Justice Byron White aptly put it in his dissent, the decision represented the “exercise of raw judicial power,” and it sparked a national controversy that has embittered our political culture for a half century.
Eventually, in Planned Parenthood of Southeastern Pa. v. Casey, 505 U. S. 833 (1992), the Court revisited Roe, but the Members of the Court split three ways…
Paradoxically, the judgment in Casey did a fair amount of overruling. Several important abortion decisions were overruled in toto, and Roe itself was overruled in part. Casey threw out Roe’s trimester scheme and substituted a new rule of uncertain origin under which States were forbidden to adopt any regulation that imposed an “undue burden” on a woman’s right to have an abortion. The decision provided no clear guidance about the difference between a “due” and an “undue” burden. But the three Justices who authored the controlling opinion “call[ed] the contending sides of a national controversy to end their national division” by treating the Court’s decision as the final settlement of the question of the constitutional right to abortion.
As has become increasingly apparent in the intervening years, Casey did not achieve that goal. Americans continue to hold passionate and widely divergent views on abortion, and state legislatures have acted accordingly…
We hold that Roe and Casey must be overruled. The Constitution makes no reference to abortion, and no such right is implicitly protected by any constitutional provision, including the one on which the defenders of Roe and Casey now chiefly rely–the Due Process Clause of the Fourteenth Amendment.
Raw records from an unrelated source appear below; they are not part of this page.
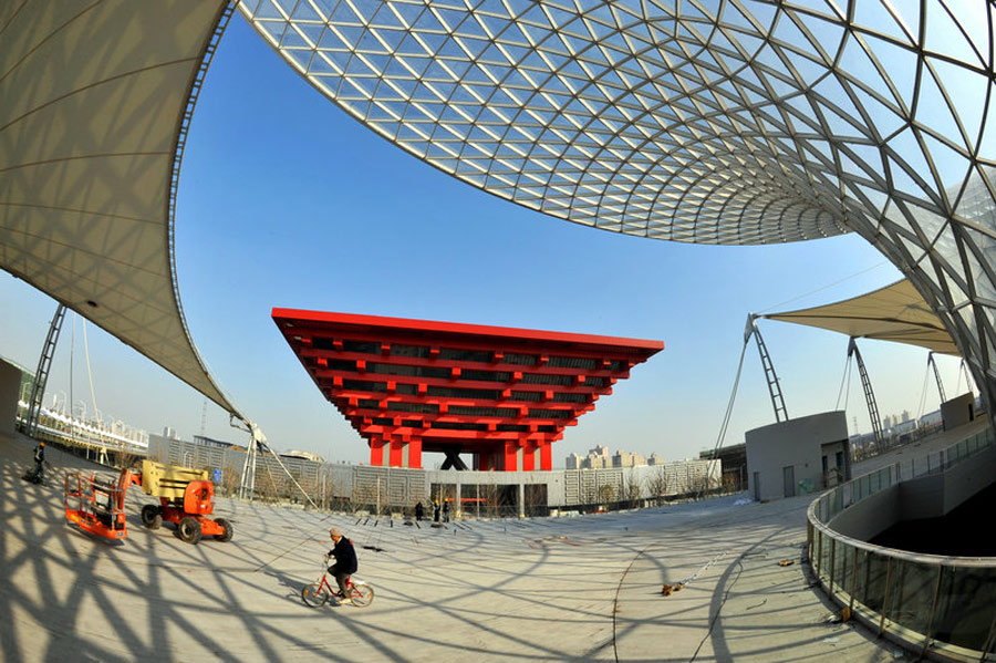 自1851年首次在英國倫敦舉辦以來,世界博覽會已走過了150多年,世博會上各個國家的展館也成為記錄一個國家發(fā)展和進步的“書簽”。讓我們通過這一百多年來出現(xiàn)在世界博覽會上的中國館,來回眸世博會的百年變遷,感受世博會與中國結(jié)下的不解之緣。圖為建設(shè)中的上海世博會世博園區(qū)-中國館、陽光谷、世博軸。至誠/CFP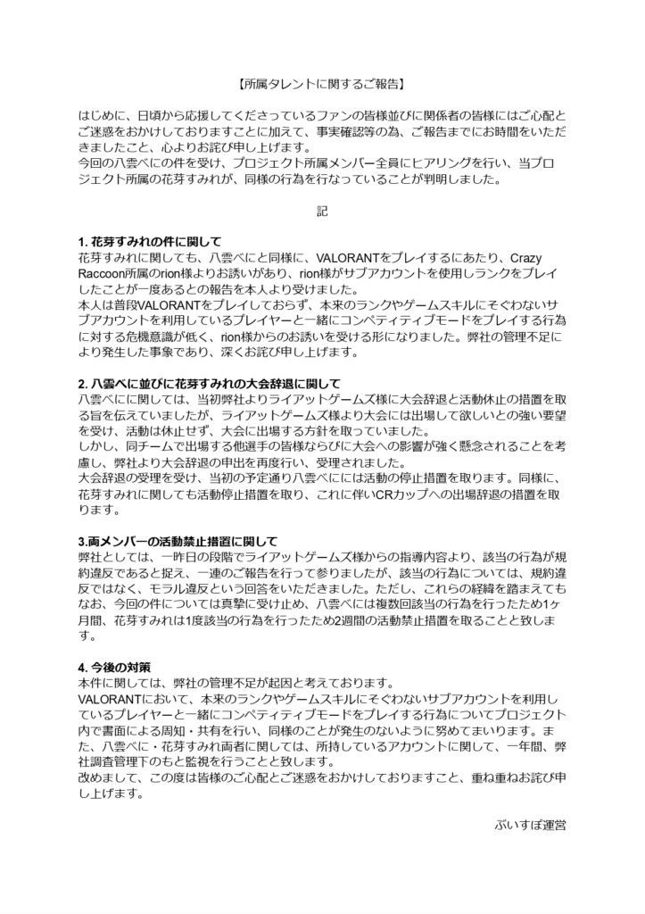 この騒動を受けて、花芽すみれは2週間の活動停止処分となりました。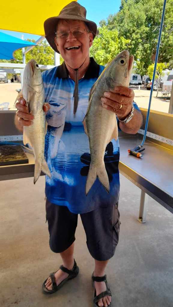 We love camping here as there is so much birdlife around the billabong. After two nights we moved onto Mount Isa. Mount Isa is a major mining town in western Queensland and our blog followers would be aware we have stayed there several times. We stocked up on provisions and did our washing before heading off toward Normanton and then Karumba. At Normanton, we enjoyed breakfast with Michael and Erica before they headed off to Croyden and beyond. It had been great travelling with them over the last 15 days. We had 5 nights at Karumba just relaxing and doing some fishing.

That provision has been held to guarantee some rights that are not mentioned in the Constitution, but
any such right must be “deeply rooted in this Nation’s history and tradition” and “implicit in the concept of ordered liberty.”The right to abortion does not fall within this category.
Until the latter part of the 20th century, such a right was entirely unknown in American law…
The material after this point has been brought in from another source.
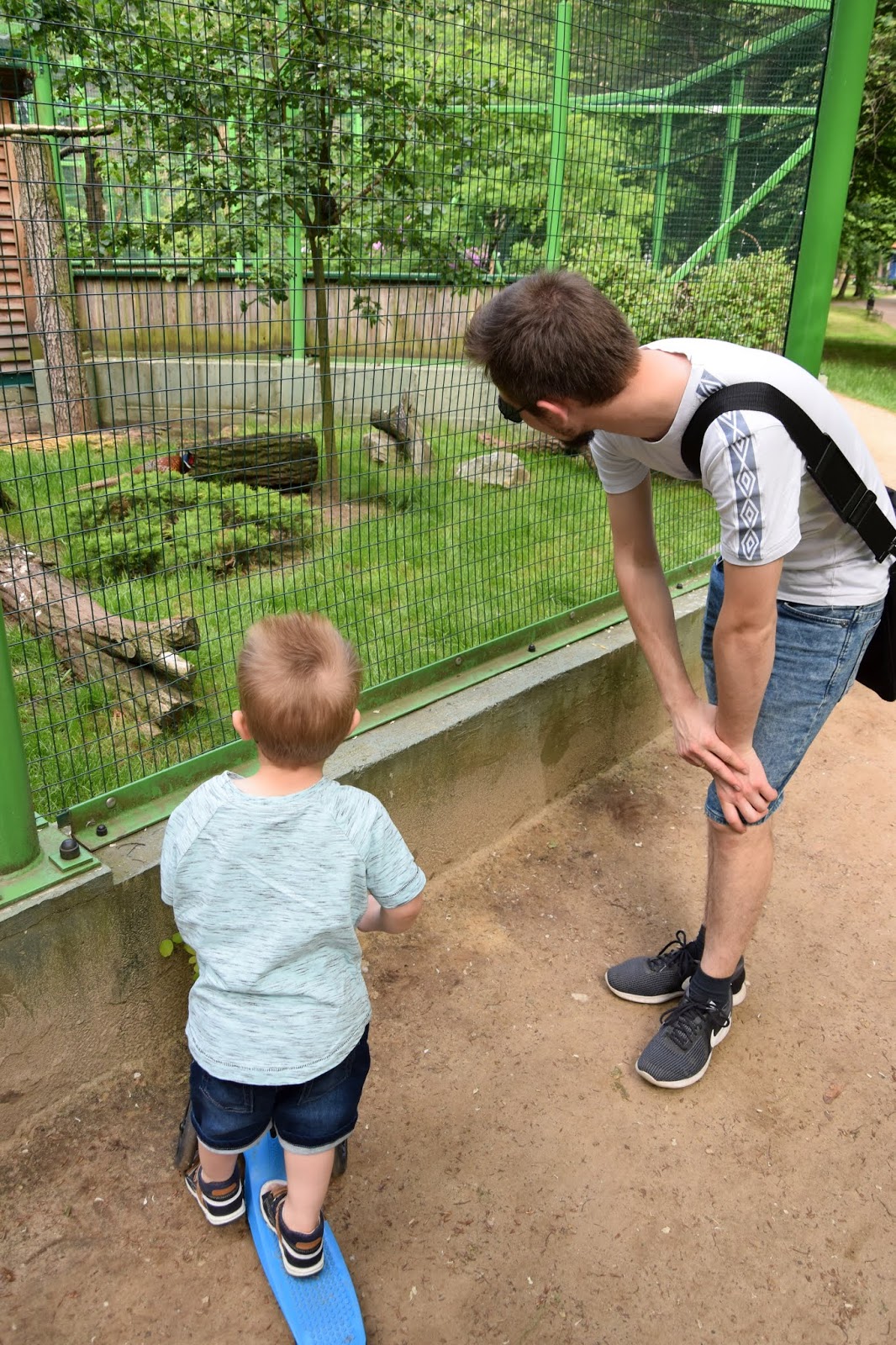 W trakcie naszego spaceru podeszliśmy do każdej możliwej klatki i z zaciekawieniem oglądaliśmy znajdujące się w nich gatunki ptaków. Kuba uwielbia oglądać zwierzątka, więc dla niego również była to niezwykła atrakcja. Idąc dalej trafiliśmy na największy model dinozaura, a jest nim diplodok, który ma aż 33 m! Warto podkreślić, że modele dinozaurów są naturalnej wielkości.

Stare decisis, the doctrine on which Casey’s controlling opinion was based, does not compel unending adherence to Roe’s abuse of judicial authority. Roe was egregiously wrong from the start. Its reasoning was exceptionally weak, and the decision has had damaging consequences.
And far from bringing about a national settlement of the abortion issue, Roe and Casey have enflamed debate and deepened division. It is time to heed the Constitution and return the issue of abortion to the people’s elected representatives.
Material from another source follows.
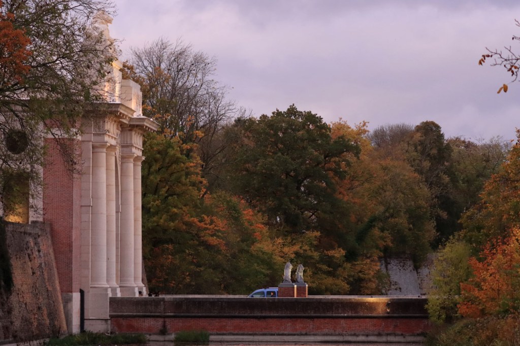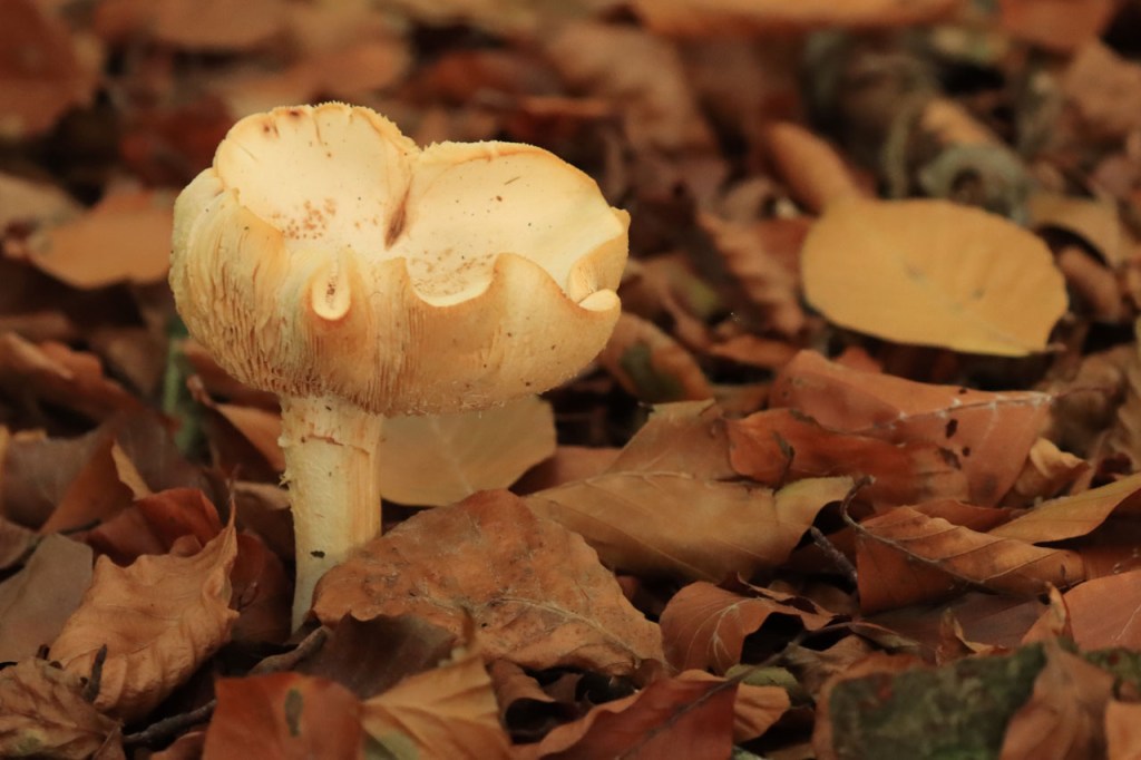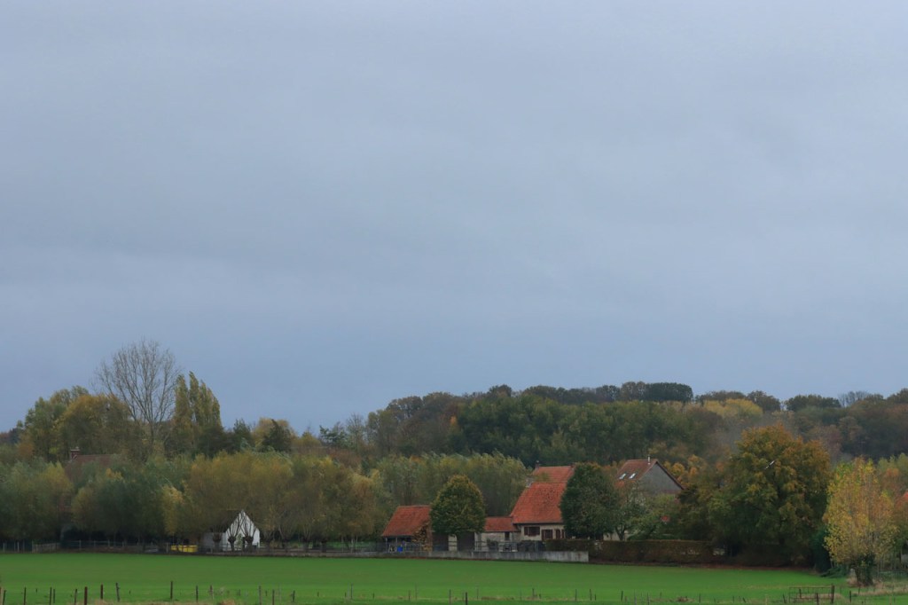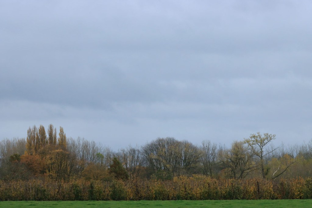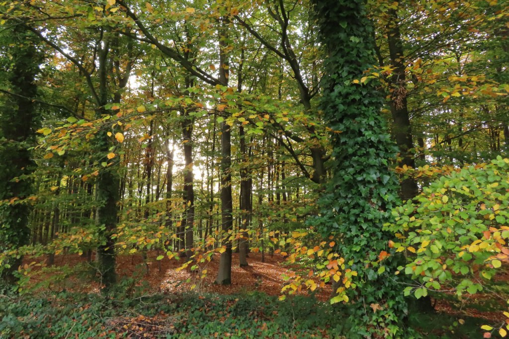 In de bossen brak even een straaltje zon door maar op de terugweg was het alweer terug donkergrijs.

How many people even understand that’s what Dobbs now does – “returns the issue of abortion to the people’s elected representatives”? I would guess a lot of people think that Dobbs bans abortion, which it does not. The important issue of who decides – the federal judiciary or the state legislatures – which is the heart of Dobbs, is probably of little importance to a great many people, who want what they want.
[NOTE: Trump’s SCOTUS appointments led directly to Dobbs, as many have pointed out. But another important player was McConnell – whom many conservatives nevertheless detest – because he agreed to block Obama’s nomination of Merrick Garland to SCOTUS.]